Seagate Demo the First NVMe HDD
First shown at the OCP Experience Center summit in November 2021, the system demonstrated a full NVMe architecture utilising NVMe HDDs in a JBOD enclosure via an NVMe-oF networking switch.
The setup comprises less components, tri-band (NVMe, SAS, SATA) transceivers, native drivers, multi-actuator hard drive support, and a common management API - Redfish™.
Why support HDDs with NVMe?
The latest hard drive advancements have pushed the boundaries of magnetic media into the field of flash.
Seagate's latest top tier HDD, the EXOS MACH.2 2X18, is not only massive at 18 TB, but rapid with speeds of up to 524 MB/s, placing it in the top 20% of consumer SSDs. This extreme density is achieved through Heat-Assisted Magnetic Recording (HAMR), with multi-actuator platters to achieve the speed.
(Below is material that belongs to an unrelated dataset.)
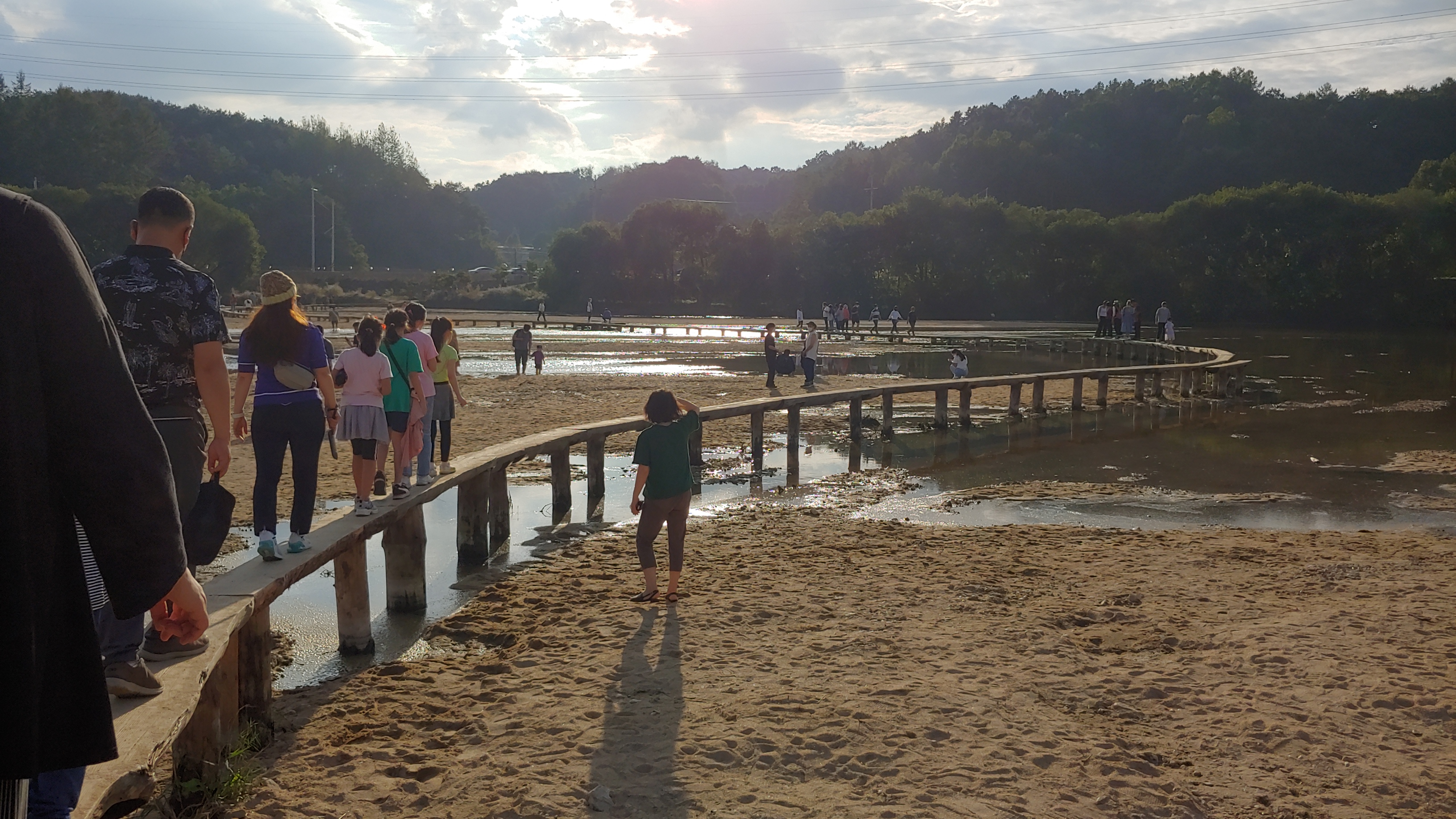 저녁이 가까운 시간임에도 사람들이 외나무다리에 줄을 섰군요.

WD is also competing for the fastest and most dense drives, with their Microwave-Assisted Magnetic Recording (MAMR) - an evolution of HAMR. While the technology has promised exceptional results for over a decade, the tech has remained hypothetical in practice, with energy-assisted Perpendicular Magnetic Recording (ePMR) the tech of choice for WD's current and near-future Ultrastar DC HC line-ups.
Excluding Seagate's multi-actuator models, the discrepancy between the two manufacturers' flagship 20 TB enterprise drives is around 30MB/s Read/write speeds, but is important to note that Seagate's Exos X20 utilises CMR, while WD's Ultrastar DC HC650 utilises SMR.
As NVMe protocol logic is physically stored and executed by the controller on the device, to take advantage of NVMe 2.0, you'll need new drives.
However, as PCIe Gen3 buses support 1 GB/s per lane, and Gen4 buses support 2 GB/s per lane, there's plenty of bandwidth to saturate on current systems.